[What you will do] Look for the line containing "In Bali, lightning" and the line containing "- On the Validation" in the entries below. Copy those two and all lines between them exactly, leaving out pictures.

[The records]
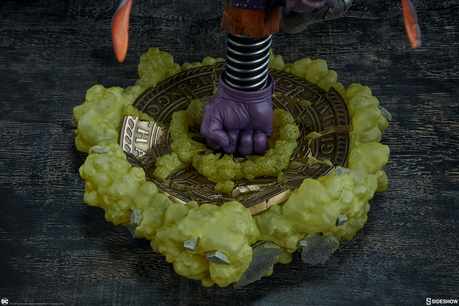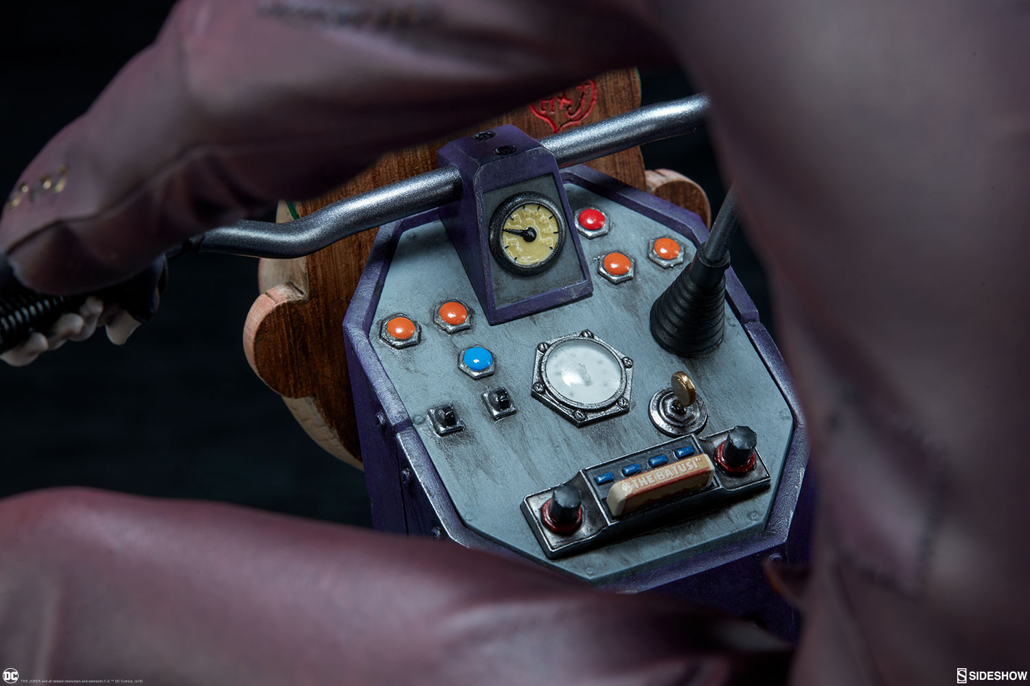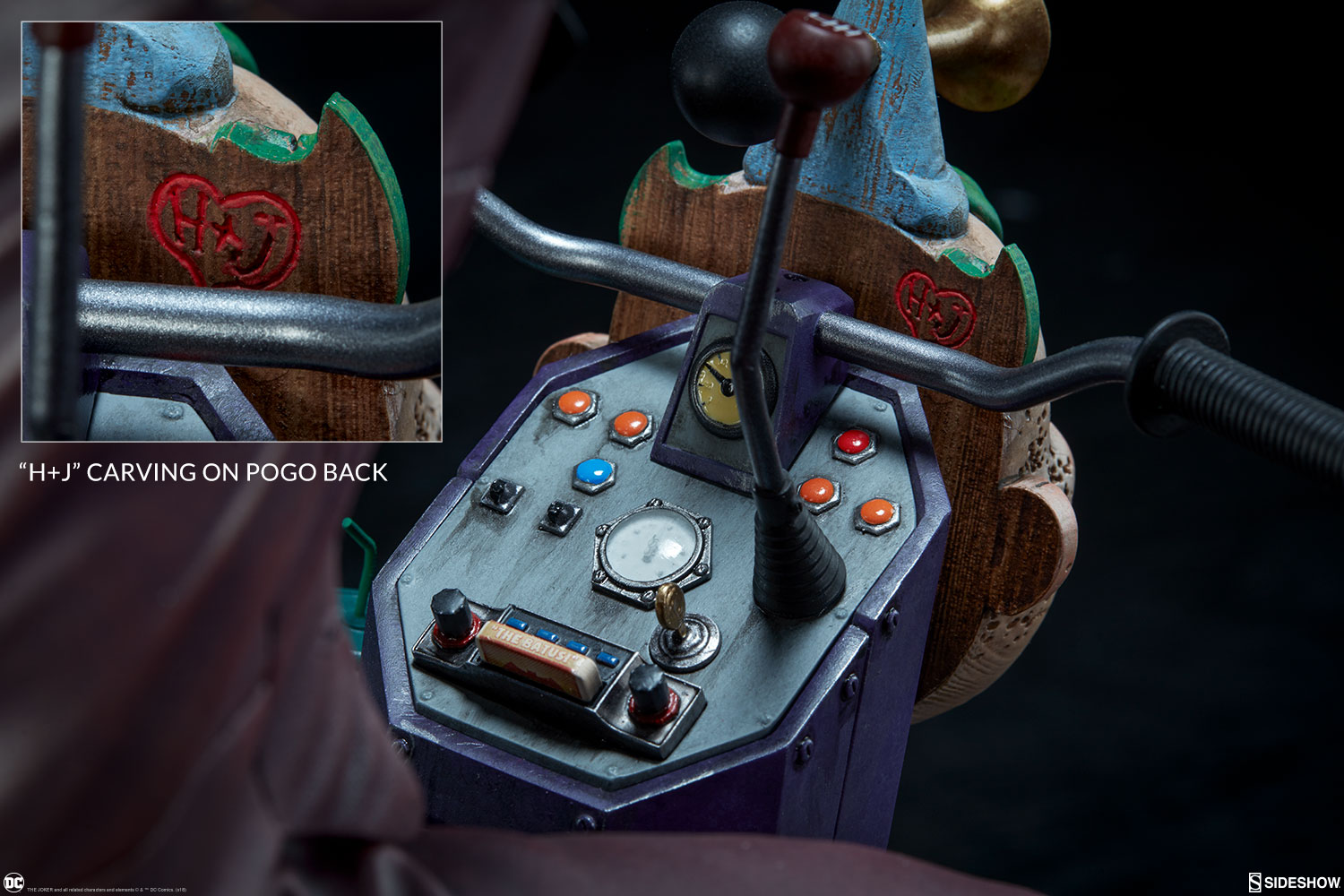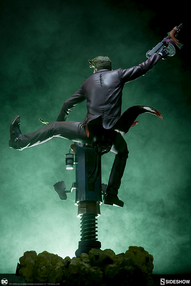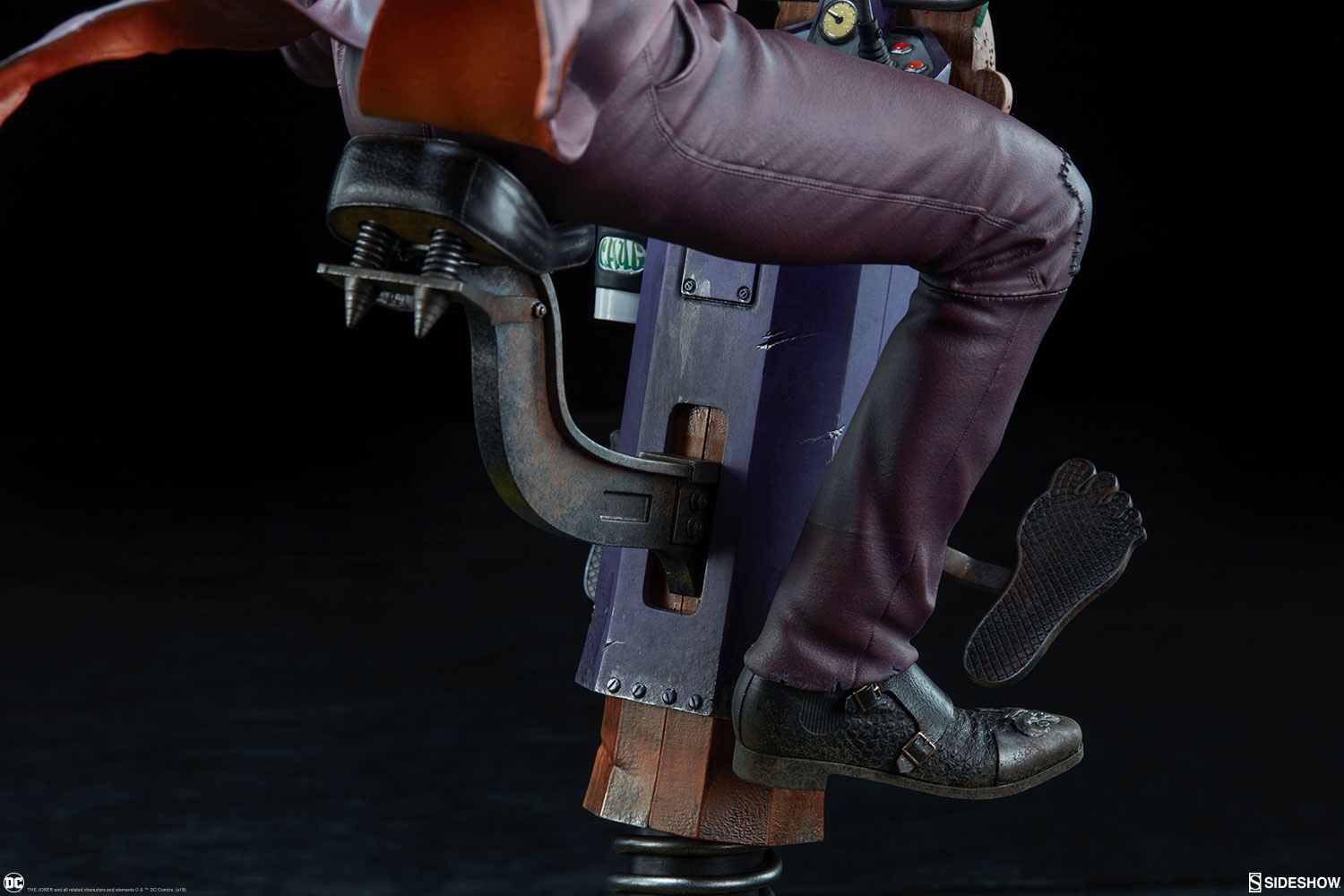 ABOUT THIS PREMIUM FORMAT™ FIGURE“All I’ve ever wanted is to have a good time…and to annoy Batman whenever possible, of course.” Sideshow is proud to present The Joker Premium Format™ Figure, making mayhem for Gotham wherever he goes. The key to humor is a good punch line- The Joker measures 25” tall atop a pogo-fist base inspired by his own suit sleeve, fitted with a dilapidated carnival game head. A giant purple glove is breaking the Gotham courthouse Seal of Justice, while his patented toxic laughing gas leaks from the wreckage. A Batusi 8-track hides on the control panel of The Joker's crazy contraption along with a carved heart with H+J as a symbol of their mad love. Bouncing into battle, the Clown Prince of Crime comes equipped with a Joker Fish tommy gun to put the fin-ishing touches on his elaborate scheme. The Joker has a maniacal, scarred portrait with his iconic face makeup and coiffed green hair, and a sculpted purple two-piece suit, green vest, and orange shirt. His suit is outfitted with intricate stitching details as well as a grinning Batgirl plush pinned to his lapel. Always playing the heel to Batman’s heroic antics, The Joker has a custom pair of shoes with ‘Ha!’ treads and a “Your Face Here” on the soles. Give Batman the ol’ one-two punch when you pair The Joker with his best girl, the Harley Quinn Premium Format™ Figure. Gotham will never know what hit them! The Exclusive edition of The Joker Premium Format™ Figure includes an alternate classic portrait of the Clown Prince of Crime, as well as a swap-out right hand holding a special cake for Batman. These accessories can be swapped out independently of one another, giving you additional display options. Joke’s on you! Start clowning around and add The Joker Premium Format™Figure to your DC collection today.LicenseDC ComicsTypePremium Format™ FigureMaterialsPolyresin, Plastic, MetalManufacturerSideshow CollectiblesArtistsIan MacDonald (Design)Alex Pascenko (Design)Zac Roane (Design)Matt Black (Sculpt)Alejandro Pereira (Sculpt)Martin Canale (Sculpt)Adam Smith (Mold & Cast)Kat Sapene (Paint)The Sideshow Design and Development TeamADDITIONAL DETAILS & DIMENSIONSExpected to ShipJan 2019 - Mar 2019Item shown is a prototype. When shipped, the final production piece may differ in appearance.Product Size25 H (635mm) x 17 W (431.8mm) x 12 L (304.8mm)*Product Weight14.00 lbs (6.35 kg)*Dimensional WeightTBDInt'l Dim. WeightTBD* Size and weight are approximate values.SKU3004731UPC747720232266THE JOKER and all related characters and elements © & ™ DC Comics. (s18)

* * *

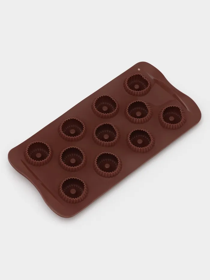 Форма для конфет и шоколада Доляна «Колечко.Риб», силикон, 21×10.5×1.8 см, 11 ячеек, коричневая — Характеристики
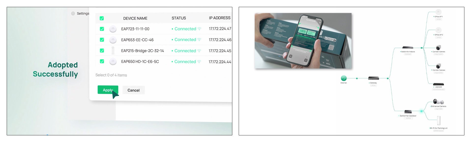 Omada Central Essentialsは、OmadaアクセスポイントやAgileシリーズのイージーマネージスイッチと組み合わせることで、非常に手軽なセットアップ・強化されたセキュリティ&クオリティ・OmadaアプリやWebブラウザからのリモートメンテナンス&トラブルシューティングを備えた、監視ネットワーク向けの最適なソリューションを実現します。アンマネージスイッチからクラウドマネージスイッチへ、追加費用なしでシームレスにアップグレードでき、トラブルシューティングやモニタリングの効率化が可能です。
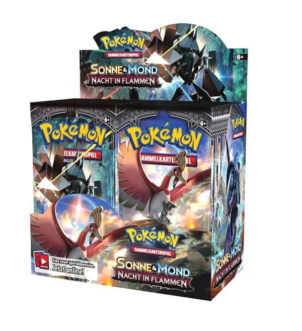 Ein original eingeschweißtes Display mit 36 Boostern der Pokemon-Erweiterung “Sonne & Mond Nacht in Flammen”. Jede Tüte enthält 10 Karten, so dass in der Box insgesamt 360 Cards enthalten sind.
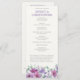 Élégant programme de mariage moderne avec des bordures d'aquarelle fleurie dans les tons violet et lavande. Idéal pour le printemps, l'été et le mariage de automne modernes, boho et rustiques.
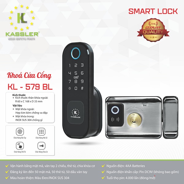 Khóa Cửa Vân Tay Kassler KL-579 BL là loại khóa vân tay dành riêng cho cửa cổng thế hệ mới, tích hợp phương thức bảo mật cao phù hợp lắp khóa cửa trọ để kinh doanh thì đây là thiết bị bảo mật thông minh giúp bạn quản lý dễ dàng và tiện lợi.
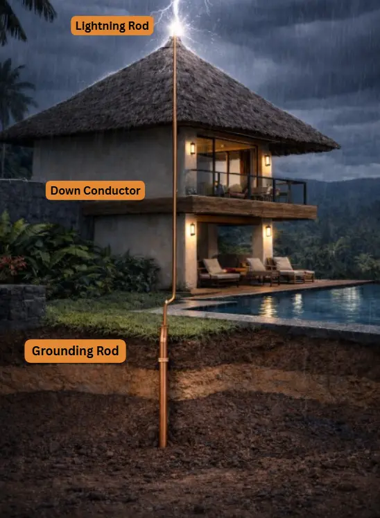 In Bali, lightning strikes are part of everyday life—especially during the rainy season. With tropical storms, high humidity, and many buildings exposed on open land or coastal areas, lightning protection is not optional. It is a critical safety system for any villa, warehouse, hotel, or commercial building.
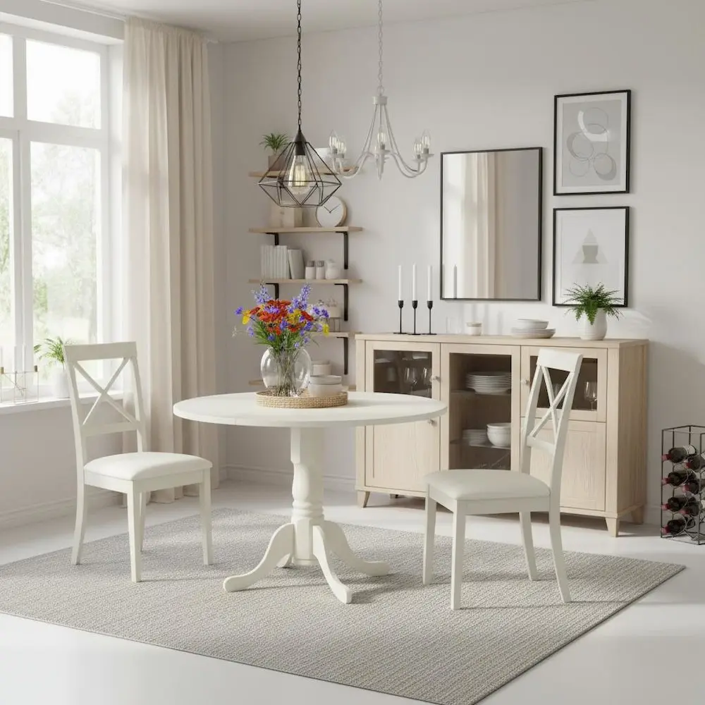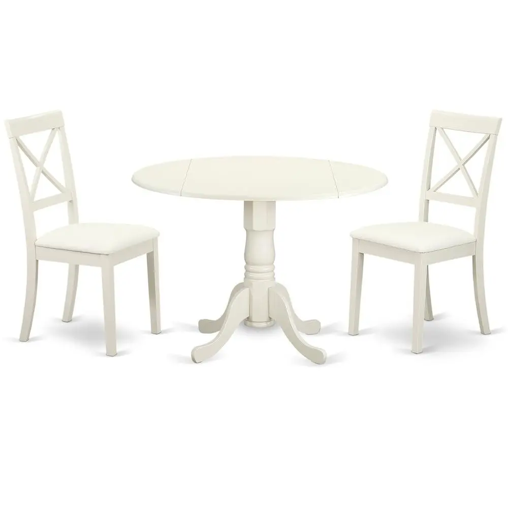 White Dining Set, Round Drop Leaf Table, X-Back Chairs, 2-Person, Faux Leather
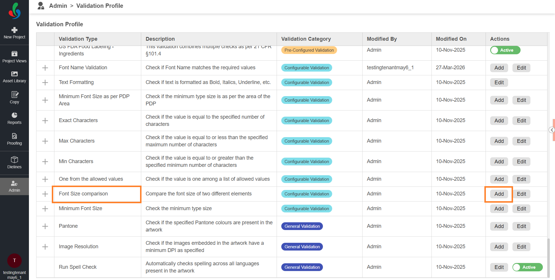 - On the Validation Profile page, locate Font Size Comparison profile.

[Exercise answer]
 In Bali, lightning strikes are part of everyday life—especially during the rainy season. With tropical storms, high humidity, and many buildings exposed on open land or coastal areas, lightning protection is not optional. It is a critical safety system for any villa, warehouse, hotel, or commercial building.
 White Dining Set, Round Drop Leaf Table, X-Back Chairs, 2-Person, Faux Leather
 - On the Validation Profile page, locate Font Size Comparison profile.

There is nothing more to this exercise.